### Data
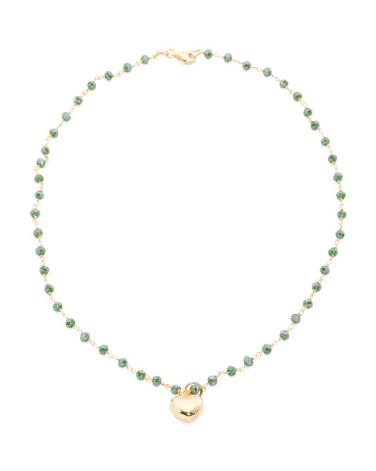 MILOR SILVER Made In Italy Sterling Silver Beaded Heart Charm Necklace
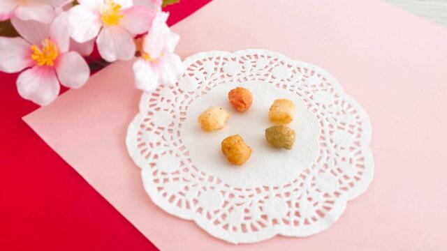 一粒の大きさは直径5mmほどの丸いかわいらしいあられです。
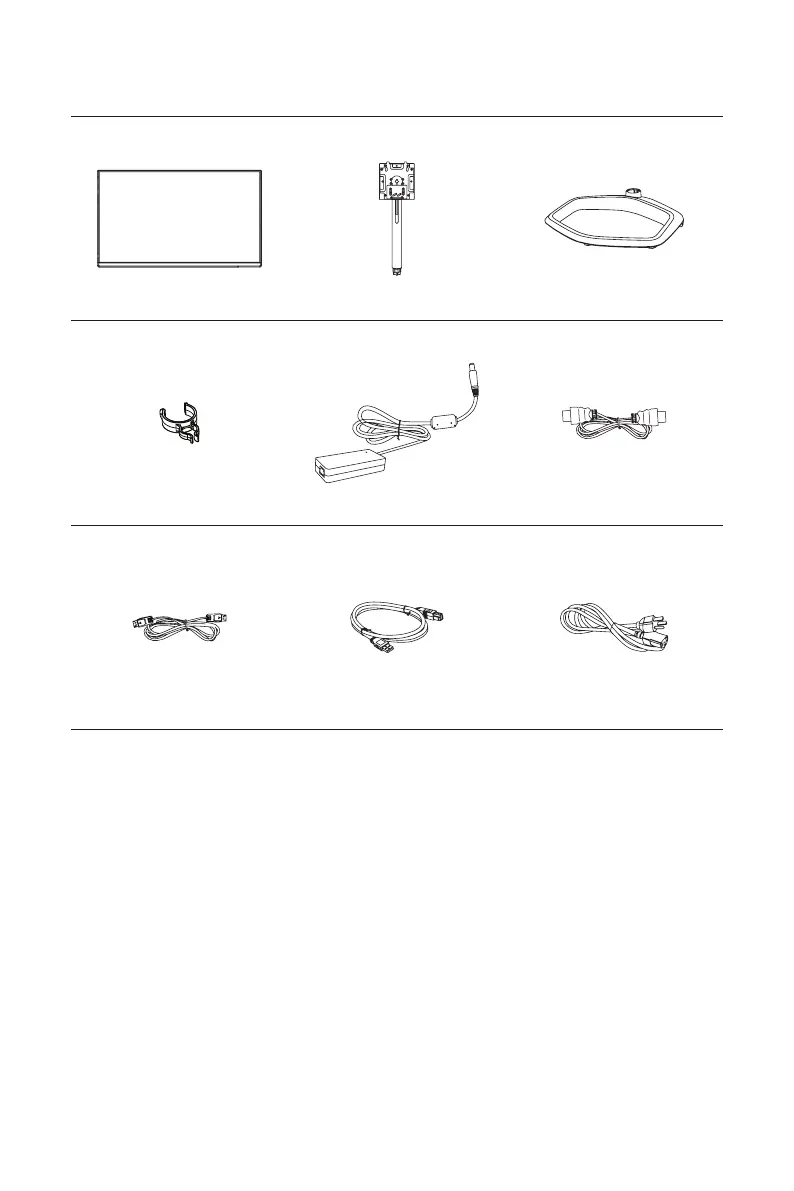 DP cable USB-A to USB-B cable Power cord (Optional)

### Task details
Write out the whole listing exactly as it appears, and omit the pictures.

### Result below
 MILOR SILVER Made In Italy Sterling Silver Beaded Heart Charm Necklace
 一粒の大きさは直径5mmほどの丸いかわいらしいあられです。
 DP cable USB-A to USB-B cable Power cord (Optional)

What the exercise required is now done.